Erkek Cinsiyeti bir korku filmi olarak pazarlanıyor, ancak Garland'ın önceki çalışmaları daha çok bilim kurgu olarak sınıflandırıldı. Ancak, yazarın çalışmalarını yakından tanıyan izleyiciler, her zaman nasıl korkutacağını bildiğini çok iyi biliyorlar. Yönetmenlik kariyerine başlamadan önce yazar, filmler için senaryolar yazdı "28 gün sonrave Danny Boyle tarafından Inferno. Evet ve aynı "İmha" da aynı anda iki inanılmaz derecede korkutucu sahne - örneğin, bir "ayı" görünümü - birçok klasik çığlıkçıdan yüz puan verecektir.
Ancak, yönetmen nihayet korku türüne girdi. Daha kesin olmak gerekirse, artık popüler olan post-korku ya da “yükseltilmiş korku”ya (yüksek korku terimi İngilizce konuşulan ülkelerde uzun süredir kök salmıştır) yaklaştı. Garland, karanlık bir dramayı bir tür kabuğuna sığdırdı ve onu folklor unsurlarıyla tamamladı. Bu nedenle, "erkek cinsiyeti" ile "erkek cinsiyeti" karşılaştırmak daha kolaydır.işaret” ve “The Witch”, Robert Eggers tarafından “Ex Machina” kasetinden daha fazla.

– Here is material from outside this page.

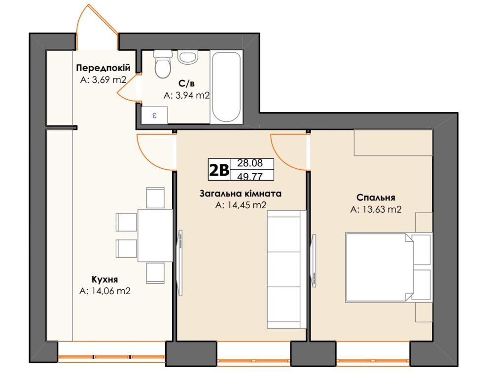 • Загальна площа 49.77 м2

Resmin ilk üçte biri bile ironik görünüyor. Sahnelerden birinde ana karakter ormanda yürüyüşe çıkar. Klasik James Wan'ın bu 10 dakikada bir düzine çığlık atacağını hayal etmek kolay. Ancak Garland sadece gerilimi artırıyor, hatta bazen olanları mizahla seyreltiyor. Ama gerçekten zor bir şey olduğunda herkesin sinirleri gergin olacak. Yavaş yavaş, film bir tür analoga dönüşecek "iğrenmeRoman Polanski'nin "(ve hatta tüm "apartman üçlemesi"). Ne de olsa Harper'ın kendisi bile başına gelenlerin gerçek olup olmadığını anlayamaz. Bu çok önemli olmasa da.

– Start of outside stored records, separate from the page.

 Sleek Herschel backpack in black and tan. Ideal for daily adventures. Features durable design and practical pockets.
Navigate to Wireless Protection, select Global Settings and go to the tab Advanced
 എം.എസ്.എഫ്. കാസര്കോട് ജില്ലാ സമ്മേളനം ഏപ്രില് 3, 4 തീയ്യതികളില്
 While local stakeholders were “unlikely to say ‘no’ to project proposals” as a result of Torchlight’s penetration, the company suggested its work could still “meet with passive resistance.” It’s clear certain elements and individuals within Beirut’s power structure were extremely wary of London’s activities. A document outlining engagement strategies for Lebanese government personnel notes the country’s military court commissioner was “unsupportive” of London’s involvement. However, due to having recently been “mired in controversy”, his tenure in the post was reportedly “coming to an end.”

The Male Clan'ın dramatik konusu oldukça basitse, korku bileşeni mecazidir. Yönetmen mitolojiye birçok referans topladı. Ve bu sadece en anlaşılır dini ima ile ilgili değil: Eve geldikten hemen sonra Harper bahçeden bir elmayı sormadan yer. Daha karmaşık referanslar da var: örneğin, Kinnear'ın görüntülerinden biri, hala İngiliz barlarında tasvir edilen Green Man folkloruna açıkça benziyor.

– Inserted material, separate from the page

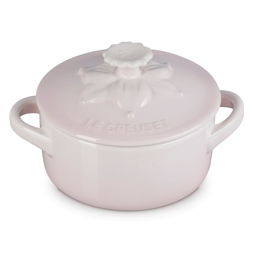 MINI COCOTTE LE CREUSET JARDIN 250ML 10CM EM CERAMICA COM RELEVO SHELL PINK 80043257770003

Ve bu arada, onun bu karakteri tüm filmdeki en belirsiz karakter. Belki de tam olarak doğaya yakınlığı nedeniyle diğer enkarnasyonlardan daha az tehlike arz ediyor.
Ancak, Garland'ın sadece güzel ve yoğun bir gösteri olmasını bekleyenler, acımasız bir sınavdalar. Filmin sonunda yönetmen neredeyse Lars von trier Deccal'in zamanı. Dini ve mitolojik referansları (google Sheela-na-gig) yalnızca en güçlü mideleri olan insanların kaldırabileceği doğal vücut korkularıyla karıştıracak.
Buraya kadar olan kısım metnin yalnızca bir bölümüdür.